Ainda há uns poucos que procuram em pequenas imperfeições dos métodos científicos de datação insistir na defesa do relato criacional bíblico. Todavia, ainda que haja falha, elas são extremamente pequenas para transformar seis milênios em bilhões de anos. Ademais, a química mostra que seria impossível uma matéria orgânica se transformar em petróleo em apenas alguns milênios.
A par dessa incontestabilidade em relação ao tempo, não podendo negar que haja milhões de anos de desenvolvimento do nosso planeta, outros hábeis teístas querem transformar os seis dias da criação em longas eras geológicas, sob o argumento de que “yon”, o termo bíblico traduzido por “dia”, não significa especificamente um período de vinte e quatro horas. Isso é em parte correto em relação ao termo, vez que a nossa própria palavra “dia” não significa necessariamente em todo tempo, um período de vinte e quatro horas. Contudo, ao dizer que “foi a tarde e a manhã, o dia primeiro”, o segundo, o terceiro, etc., é muito difícil aceitar que não se esteja referindo à parte noturna e a diurna de cada dia.
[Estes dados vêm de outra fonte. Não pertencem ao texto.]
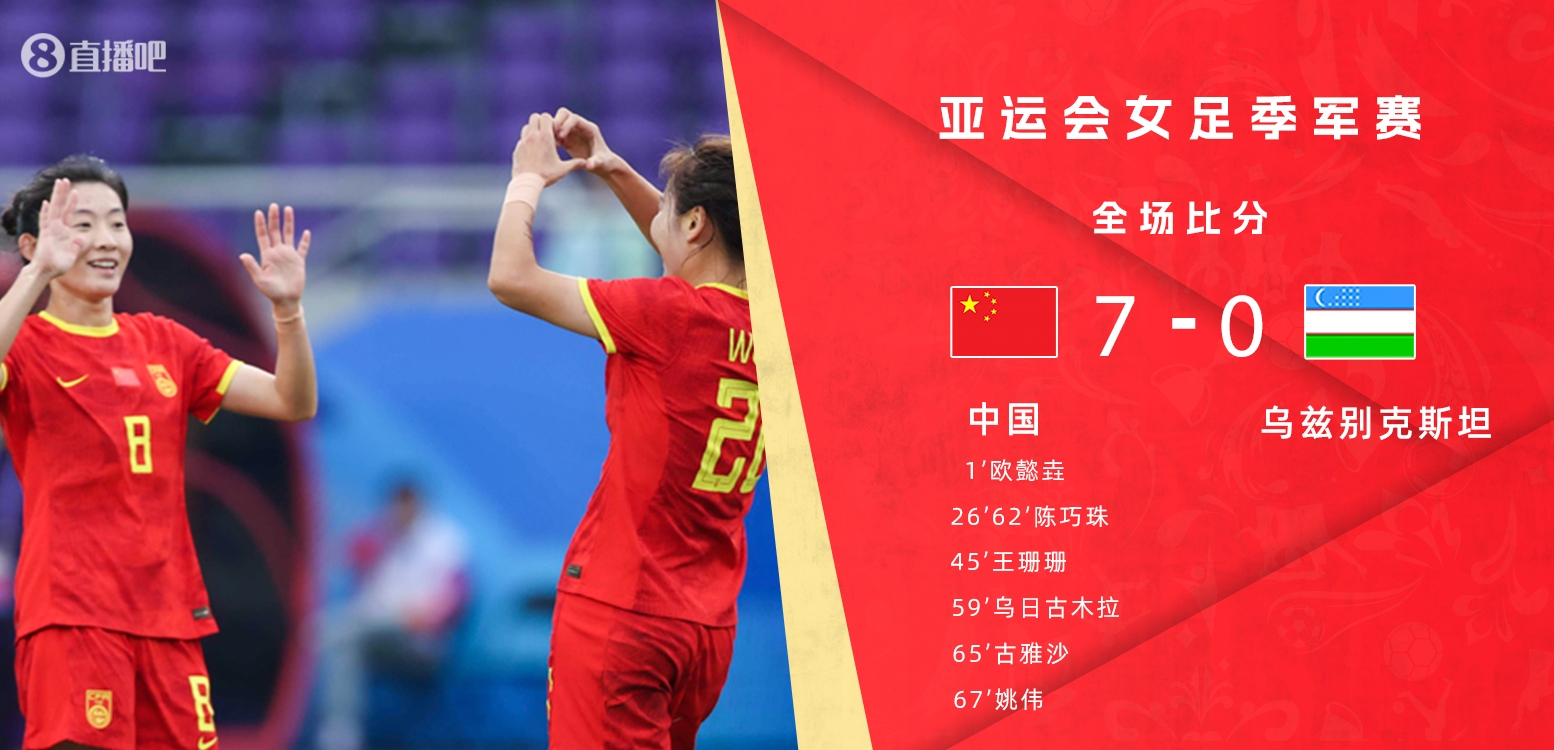 最终,中国女足7-0乌兹别克斯坦女足。

No sentido oposto, afirmam outros que os anos de vida dos homens componentes da linhagem de Adão a Noé não são anos reais, podendo serem meses, isso para não persistir na afirmação absurda de que pessoas tenham vivido cinco, seis, ou até mais de nove séculos em uma época em que a expectativa de vida era muito inferior à nossa atual. Nesse caso, com meridiana clareza, cai por terra o argumento, com base na própria bíblia, bastando para isso lermos o relato do dilúvio:
Gênesis, 7: 11: “No ano seiscentos da vida de Noé, no mês segundo, aos dezessete dias do mês, romperam-se todas as fontes do grande abismo, e as janelas do céu se abriram.” Isso é suficiente para se ver que os meses deveriam ter aproximadamente trinta dias, pelo menos dezessete estão mencionados.
Gênesis, 8: 5: “E as águas foram minguando até o décimo mês; no décimo mês, no primeiro dia do mês, apareceram os cumes dos Montes.” Pelo menos dez meses já foram mencionados. Não resta dúvida de que o escritor do Gênesis falava de tempo contado em anos de doze meses de trinta dias, uma vez que os cumes dos montes apareceram no primeiro dia do décimo mês e “No ano seiscentos e um, no mês primeiro, no primeiro dia do mês, secaram-se as águas de sobre a terra.” (versículo 13). Seria necessário mesmo uns dois meses para secar tanta água. Não há como subsistir a tese de anos serem meses.
A alegação religiosa contra a incerteza científica é tão aceitável, como aceitar a afirmação categórica de que um indivíduo de cabelos todos brancos, com rugas profundas e corpo encurvado tenha vinte anos de idade, só porque não haja prova inequívoca de que sua idade esteja entre sessenta e oitenta anos.
A tão boa definição paulina de que a fé é “o firme fundamento daquilo que se espera, a certeza das coisas que se não vêem” tem-se revelado, à luz do conhecimento moderno, “o firme fundamento das coisas infundadas, a certeza da existência das coisas que não existem.” A ciência, por sua vez, embora não tenha explicação inquestionável sobre todas as coisas, já desfez satisfatoriamente muitas das chamadas “verdades” de que se tinha tanta certeza no passado.